(Supplied data)
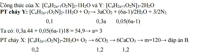 Câu 7: (Đề thi tuyển sinh đại học Khối B- 2010): Đipeptit mạch hở X và mạch hở Y đều được tạo ra từ một loại amino axit no, mạch hở có một nhóm NH2 và một nhóm COOH. Đốt cháy hoàn toàn 0,1 mol Y thu được sản phẩm gồm CO2, H2O, và N2 trong đó tổng khối lượng CO2 và H2O bằng 54,9 gam. Nếu đốt cháy hoàn toàn 0,2 mol X, sản phẩm thu được cho lội qua dung dịch nước vôi trong dư thì thu được m gam kết tủa. Giá trị của m là: A. 45. B. 120. C. 30. D. 60.
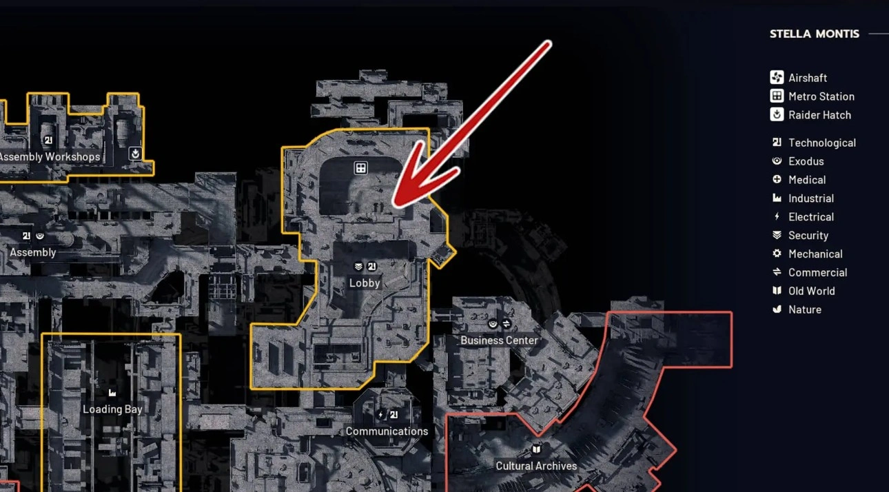 Первая цель – холл в северной части Стелла Монтис. Вам нужен верхний этаж и стойка регистрации, место перед пунктом охраны, где часто возникают стычки из-за скуки игроков.
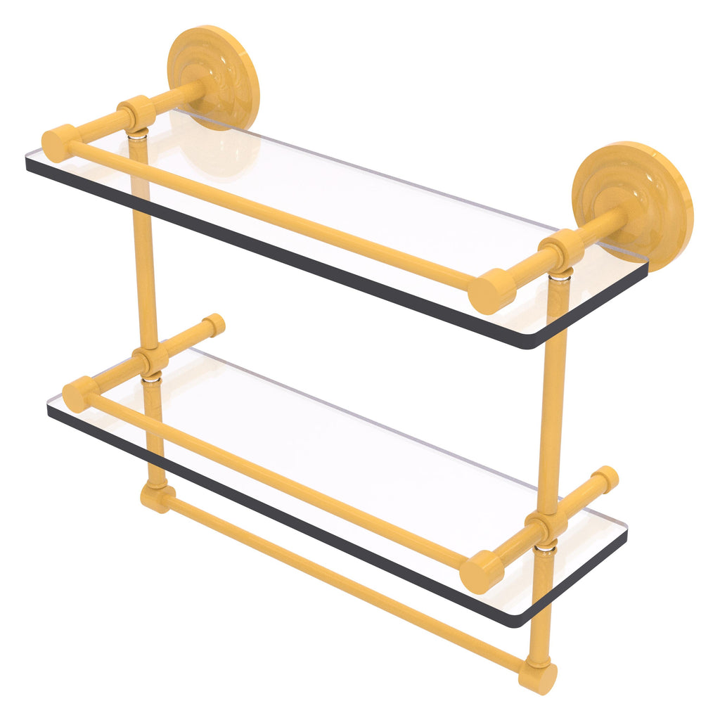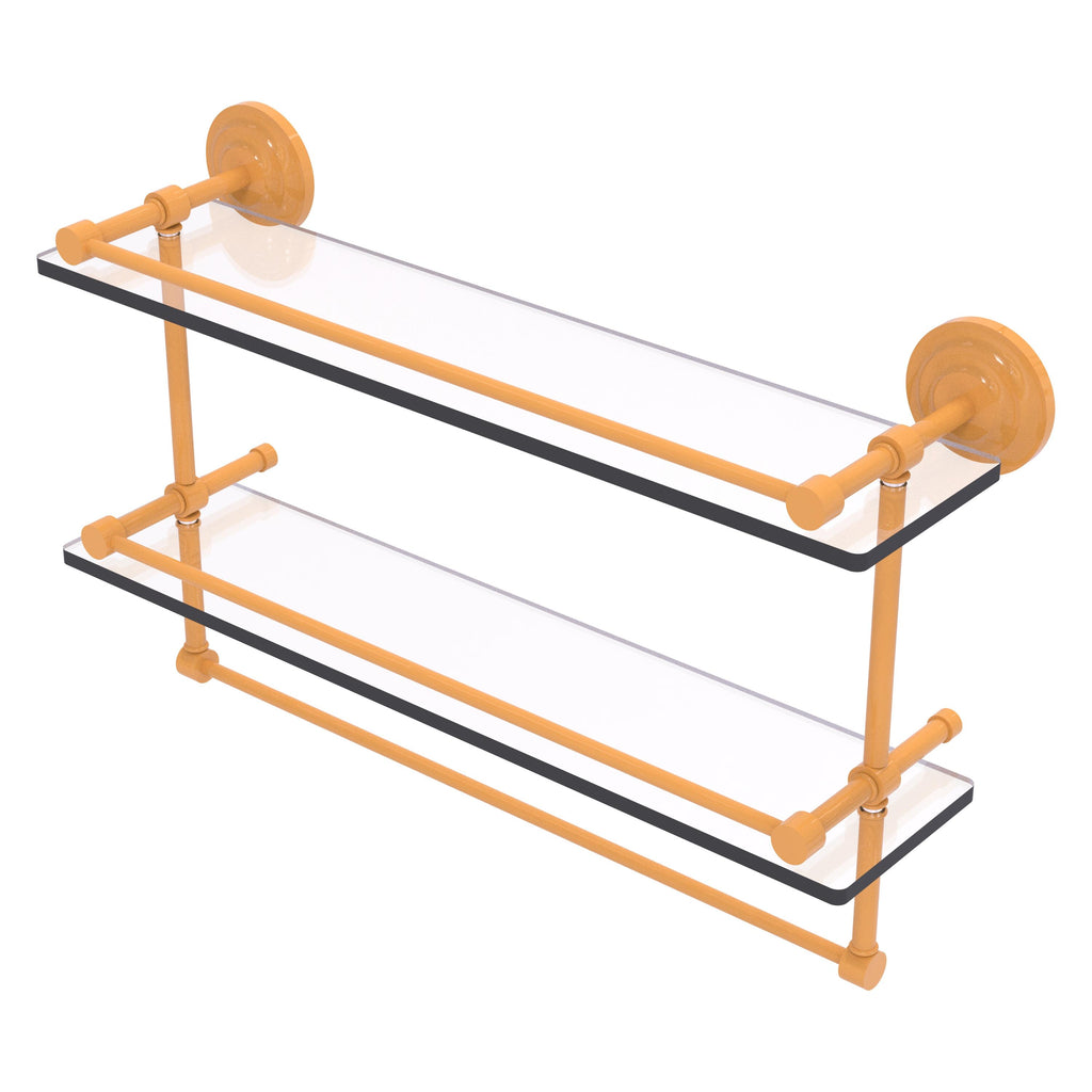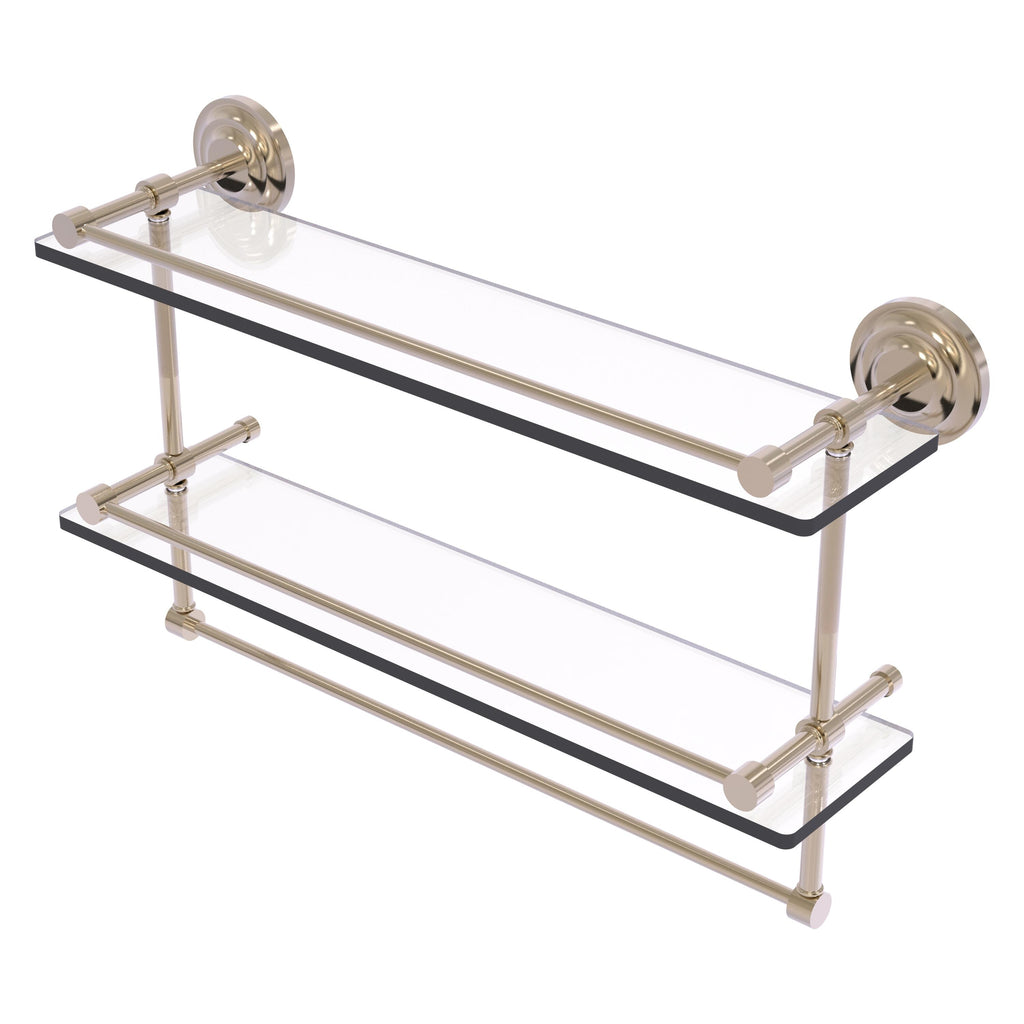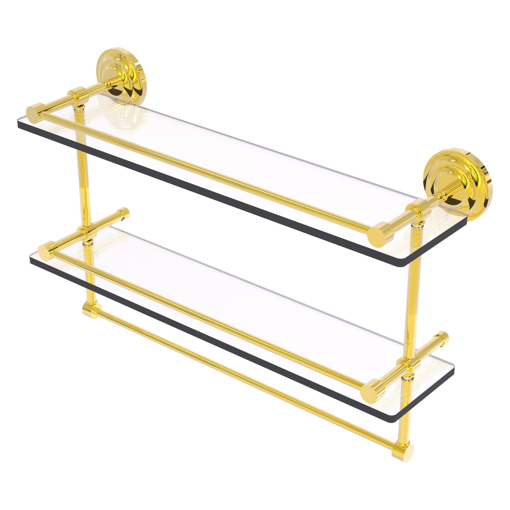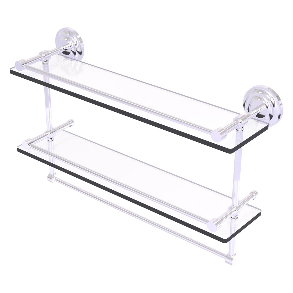 Add a flare of style to your décor with this decorative glass shelf. Shelf can be used anywhere in the home for a great space to store your products. Gallery rail will keep your items secure while the integrated towel bar provides a creative space for your towels. Tempered glass is 3/8 Inches thick and all of the hardware is made of solid brass and finished with the highest quality materials to provide a lifetime of beauty.
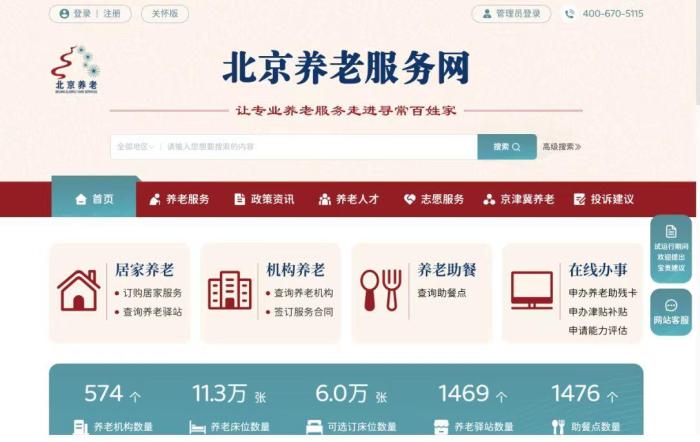 平台汇集了北京市574家备案养老机构、11.3万张养老机构床位、1469家养老服务驿站、1476家养老助餐点的详情介绍,并配套养老资源地图查询功能,实现了从“查找”“预约”到“咨询”“办理”的一站式、全过程服务,方便老年人随时随地了解“家门口”的养老服务资源。
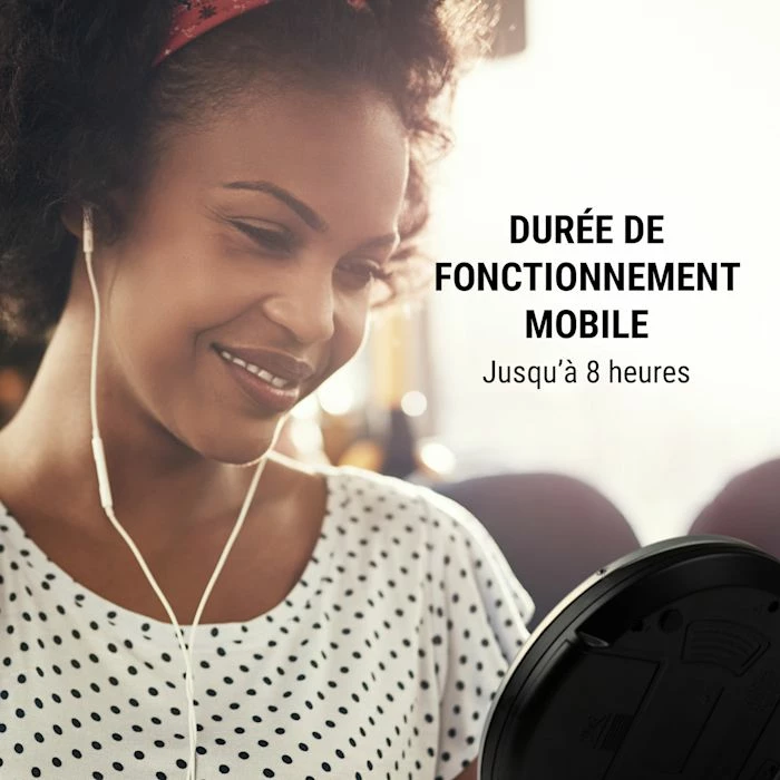 - Puissant : lecteur CD avec fonction programmation, amplification des basses et système anti-choc
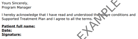 - The salutation, acknowledgment, and patient full name-date-signature element
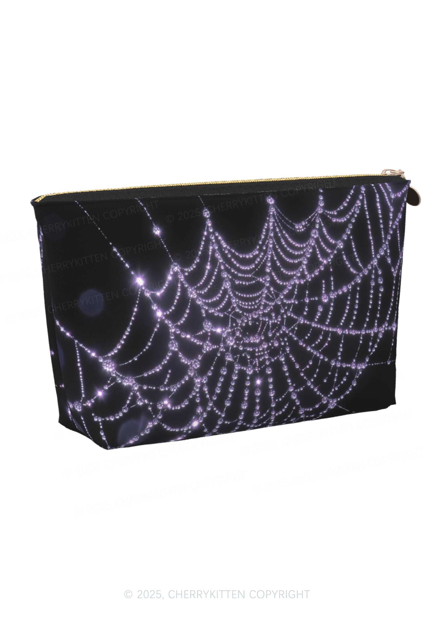 Glistening Spiderweb Y2K Leather Makeup Bag Cherrykitten
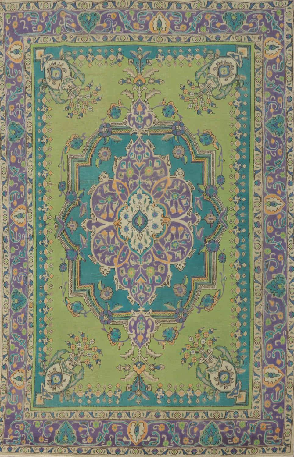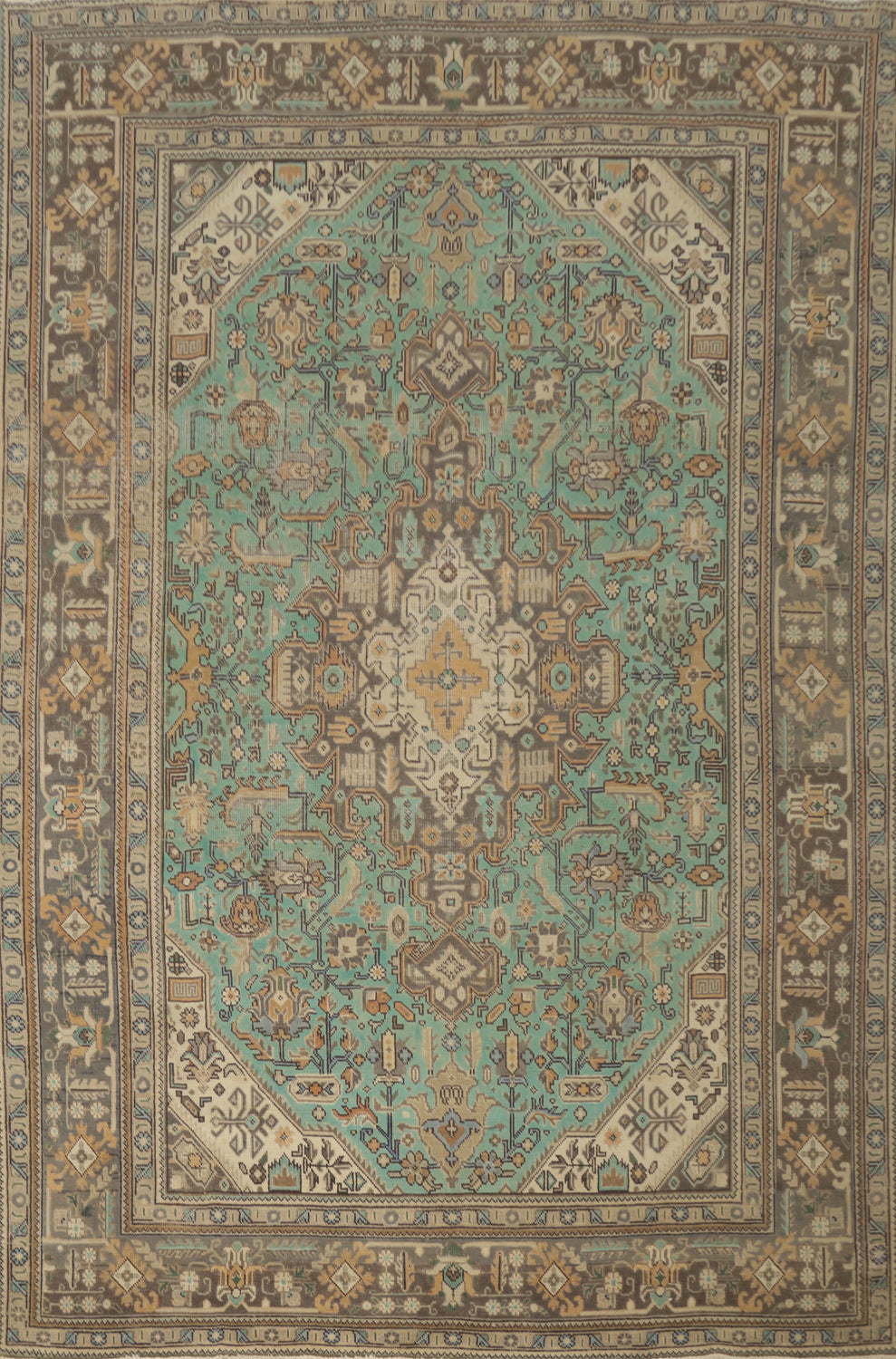 Turquoise Green Tabriz Persian Area Rug 7x10
(End Supplied data)
Setting the pictures aside, return exactly the lines from the line with "- The salutation, acknowledgment, and" through the last line of the listing above.

- **Reply**
 - The salutation, acknowledgment, and patient full name-date-signature element
 Glistening Spiderweb Y2K Leather Makeup Bag Cherrykitten
 Turquoise Green Tabriz Persian Area Rug 7x10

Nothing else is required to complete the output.